Neural Networks Are Not Evil

I recently read an interview with Gary Marcus, a professor of psychology and neural science at NYU. In the interview, he questions whether the big data approach to AI–that of training neural networks on terabyte-scale datasets–is successfully moving humanity towards the intelligent, sentient computers that we all dream of.

Roughly years have passed since that interview, and Marcus has now resolved his own question with a piece in the New York Times: “trendy” neural networks are not moving us in the right direction. He says this is because they lack basic concepts of the world that humans seem to learn by osmosis, like the natural laws of physics or linguistics.
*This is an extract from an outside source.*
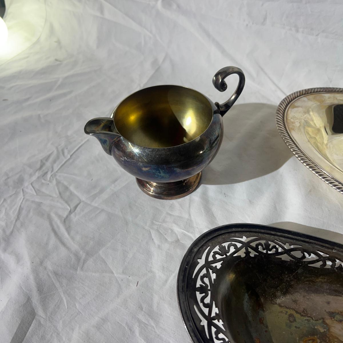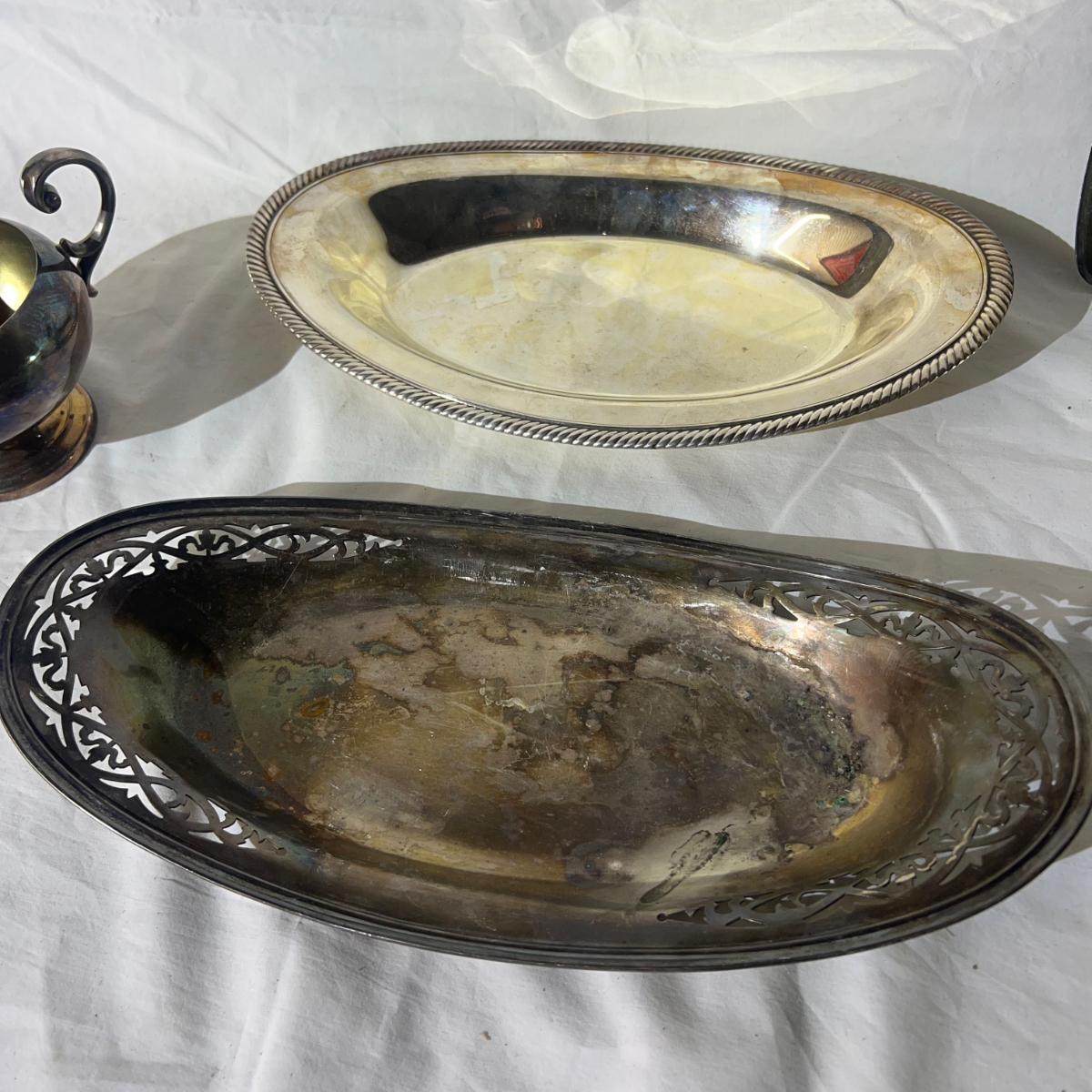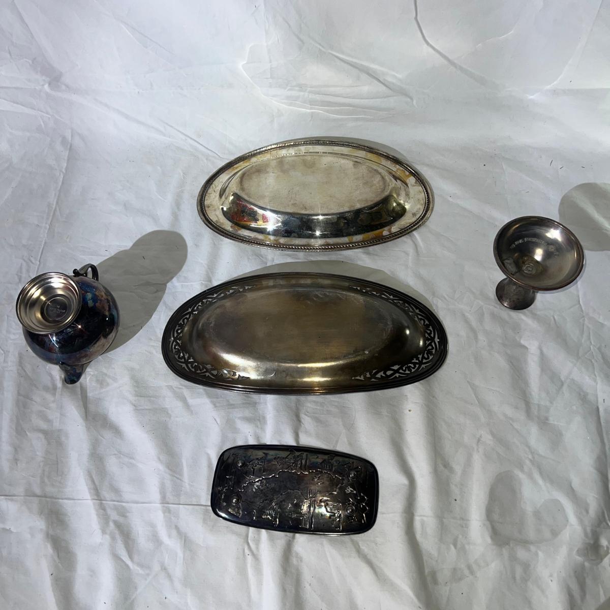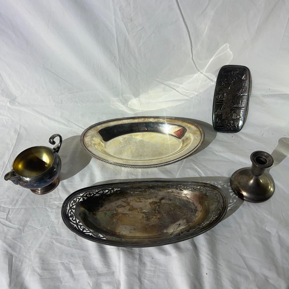 Silver plated Miscellaneous, two serving plates, decorative trinket tray, candlestick and cream pourer

I’d argue Marcus is jumping ahead a bit–nobody is saying that neural networks are the only key to AI’s future. I imagine an AI system in the future will encompass multiple systems, much like the human brain: a neural network for pattern recognition, a memory store for recalling things it has learned in the past, a physics simulator, a sentiment analyzer for understanding emotion. Most of these things already exist, and perform pretty well independently. The exercise now becomes piecing all of them together.

One other point I think Marcus fails to address is that of quantum computing. While it’s correct to say that our current AI methods are held back by computational resources, it’s incorrect to say that there’s no solution to that on the horizon. Ask anyone who’s working on quantum right now and they’ll say that the technology will transform the way we live within our lifetime. I think the computational limitations Marcus alludes to will be lifted by quantum computers, and conversations I’ve had with quantum researchers suggest the same thing.

Large scale collaborations are all well and good. But I think preparing AI research for the advent of practical quantum computers is the most important next step for the discipline.